Repeat the data that follows exactly, starting at the line with "Ръчно: Натиснете и" and ending at the line with "4. Готовьте мясо", and leave out every picture.
+---+
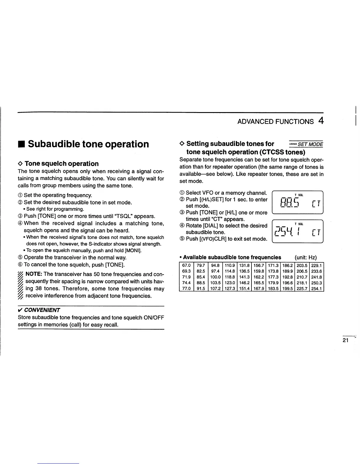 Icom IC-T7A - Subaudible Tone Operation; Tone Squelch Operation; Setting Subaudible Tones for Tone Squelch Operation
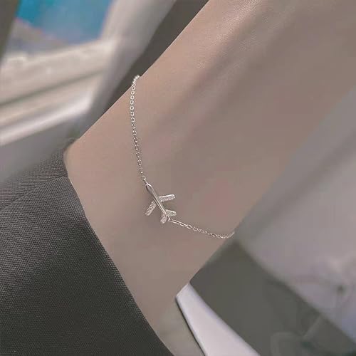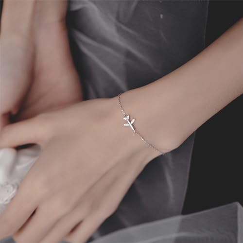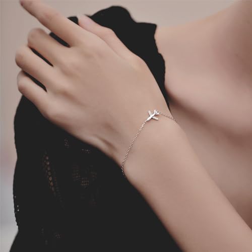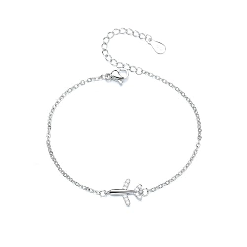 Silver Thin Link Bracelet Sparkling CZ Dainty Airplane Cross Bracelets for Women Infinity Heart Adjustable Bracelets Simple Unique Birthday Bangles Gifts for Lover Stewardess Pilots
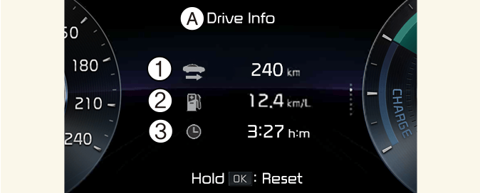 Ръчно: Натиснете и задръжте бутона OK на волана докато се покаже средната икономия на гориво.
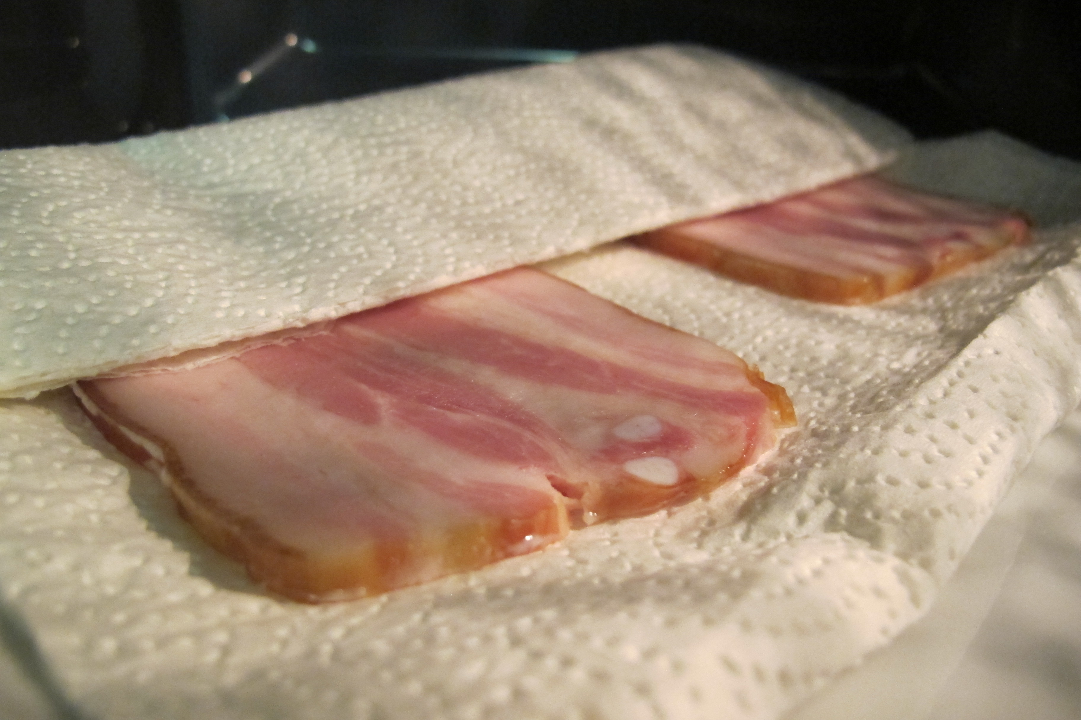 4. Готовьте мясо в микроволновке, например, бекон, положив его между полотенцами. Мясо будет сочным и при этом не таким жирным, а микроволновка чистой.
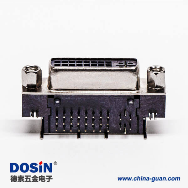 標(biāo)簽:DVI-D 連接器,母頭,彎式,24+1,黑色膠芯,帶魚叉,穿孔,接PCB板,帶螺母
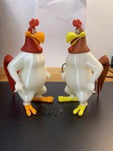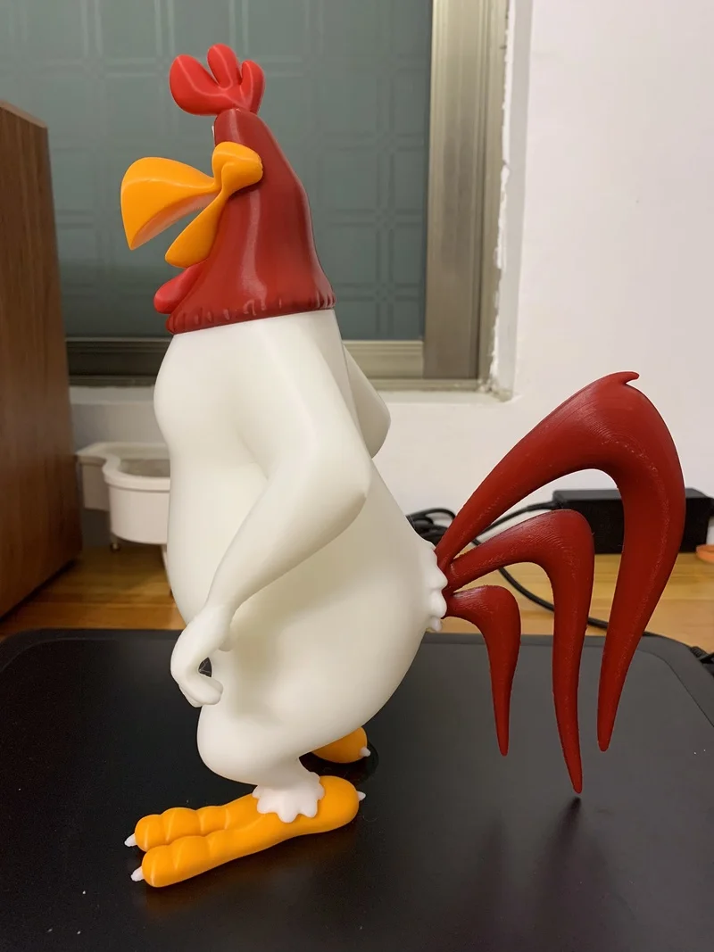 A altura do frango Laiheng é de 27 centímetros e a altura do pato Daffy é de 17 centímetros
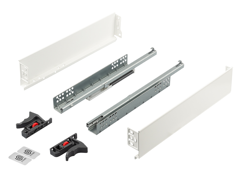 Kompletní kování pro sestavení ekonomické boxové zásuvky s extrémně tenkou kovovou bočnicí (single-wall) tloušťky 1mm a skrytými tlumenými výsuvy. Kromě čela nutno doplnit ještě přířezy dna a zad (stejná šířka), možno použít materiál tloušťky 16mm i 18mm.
+---+
_Your response_
 Ръчно: Натиснете и задръжте бутона OK на волана докато се покаже средната икономия на гориво.
 4. Готовьте мясо в микроволновке, например, бекон, положив его между полотенцами. Мясо будет сочным и при этом не таким жирным, а микроволновка чистой.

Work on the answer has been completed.